De um casarão, a apenas duas salas
Mesmo com o tremor de terra de 2018, ela diz que não se preocupou porque achava que havia sido uma acomodação do solo. “Aos poucos, fomos ficando cientes das fissuras e rachaduras dos imóveis do Pinheiro, bem como dos afundamentos no solo. No início de 2019, fizemos uma reunião com os alunos e pais dos nossos alunos, menores de idade. Por quase unanimidade, eles falavam que no Pinheiro não voltariam a estudar. Passamos um mês inteiro procurando onde abrigar a nossa escola. Depois de muita pesquisa, alugamos duas salas no Colégio Monteiro Lobato. Era uma situação emergencial”, lembra Eliana.
Com isso, segundo conta, acabou perdendo alunos. “Muitos dos que moravam no Pinheiro foram morar em bairros distantes, e ainda amargamos o fato de termos de pagar aluguel. De uma escola com recepção, secretaria, cantina, apartamento para professores, sala de espera, duas salas de aula com 100 metros quadrados cada, garagem para dois carros e área de lazer, além de um apartamento completo onde moramos por muitos e muitos anos e, ultimamente, morava a minha filha com sua família, tivemos de nos contentar com duas salas pequenas”, conta a bailarina empreendedora.
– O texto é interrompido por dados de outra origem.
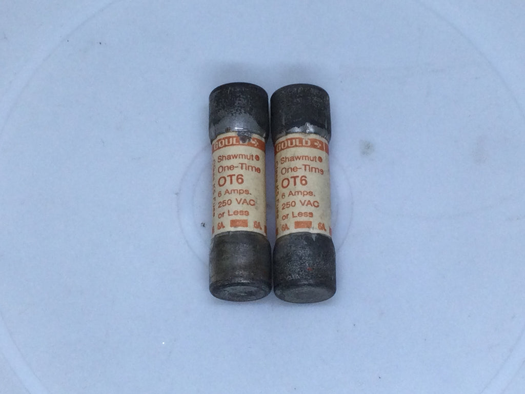 Gould/Shawmut OT6 6 Amp 250V or Less One Time Class K5 Fuse - Lot of 2

Futuro incerto, espera angustiante
A nova sede foi aberta em fevereiro e fechada em março por conta da pandemia. Em agosto, as atividades foram retomadas. O número de alunos tem aumentado, mas a empresária diz que ainda é insuficiente para pagar o aluguel do espaço, que é muito alto.
“Com relação à Braskem, estamos na angustiante expectativa de uma espera que se arrasta. Nosso prédio está fechado com tijolos. Não é mais nosso, pois tivemos de assinar um Termo de Posse para a Braskem, mas não sabemos quando nem quanto receberemos de indenização, pois assim foi acordado entre o Ministério Público e a empresa responsável por essa destruição de quatro bairros e destruição da saúde de milhares de moradores e empreendedores”, revela Eliana.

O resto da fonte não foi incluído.